AUGUST MOSCA
"STRAPHANGERS #2"
OIL ON CANVAS LAID DOWN ON BOARD, SIGNED
AMERICAN, 1938
30 X 10 INCHES
FRAMED 37 X 16.5 INCHES
August
Mosca
He immigrated to the United States with his family in 1911. Mosca studied at Yale University from 1924-26. He then attended Pratt Institute, Grand Central School and the Art Students League in New York City, where he studied with Harry Wickey. Though he was a matriculated student at these schools, Mosca never actually completed any degrees. He also traveled to Italy where he studied the works of some of the great Italian Renaissance masters, including Raphael, Leonardo, Signorelli, and Michaelangelo.
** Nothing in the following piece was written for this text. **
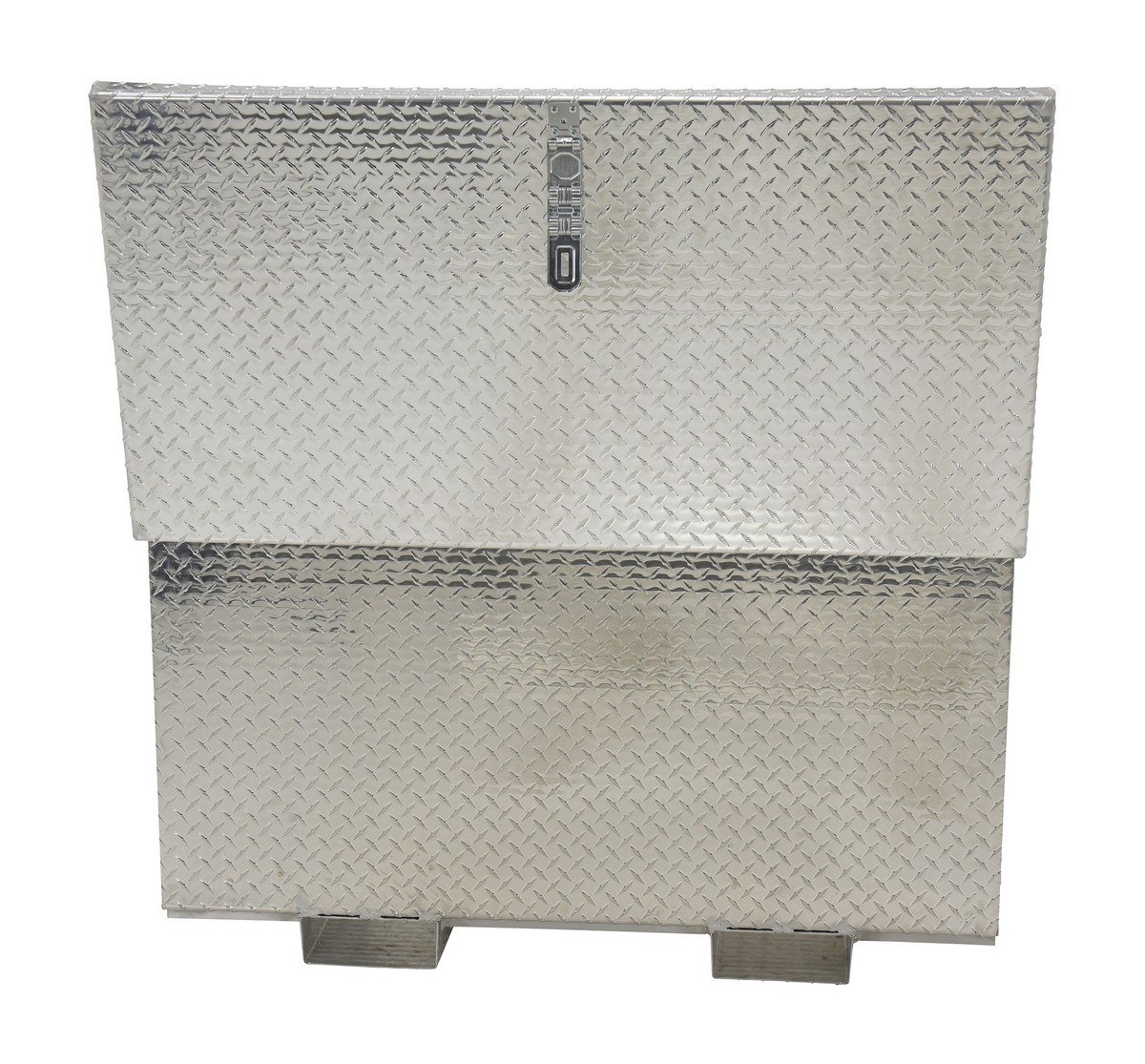 The Aluminum portable toolbox is excellent for storing and transporting equipment. The heavy duty welded aluminum tread plate construction is designed to tolerate the toughest of environments. Additional features also include ergonomically friendly carrying handles on each end for smooth manual transporting and a hinged lid which includes a lockable double hinged hasp for added security. Fork pockets are attached to the units underbelly for lifting and maneuvering between areas.

As well as being a working painter, Mosca taught art at the Pratt Institute, Cooper Union, Art Students League, and in Tuxedo Park. Mosca’s first one-man show was held at the Harry Salpeter Gallery in New York in 1959, where he showed annually until 1969. Later the FAR Gallery handled him exclusively for six years; he was given a one-man exhibition every year. Other one-man exhibitions were held at the Guild Hall in East Hampton, in New Haven, Connecticut, and in Newark, New Jersey. In 1990 the prestigious Grand Central Gallery in New York held a 50 year retrospective of Mosca’s drawings and paintings. In 1997 the ACA Gallery in New York held a one-man show titled “August Mosca Paints New York.” He was included in the “Living Legends” exhibition at the Millennium Gallery in East Hampton. He also exhibited in the Red Barn Atelier and the Elaine Benson Gallery both in Southhampton, as well as the Linda Fishetti Gallery in Southhold. His work was included in the Metropolitan Museum’s “Portrait of America” exhibition, and in the Museum of Modern Art.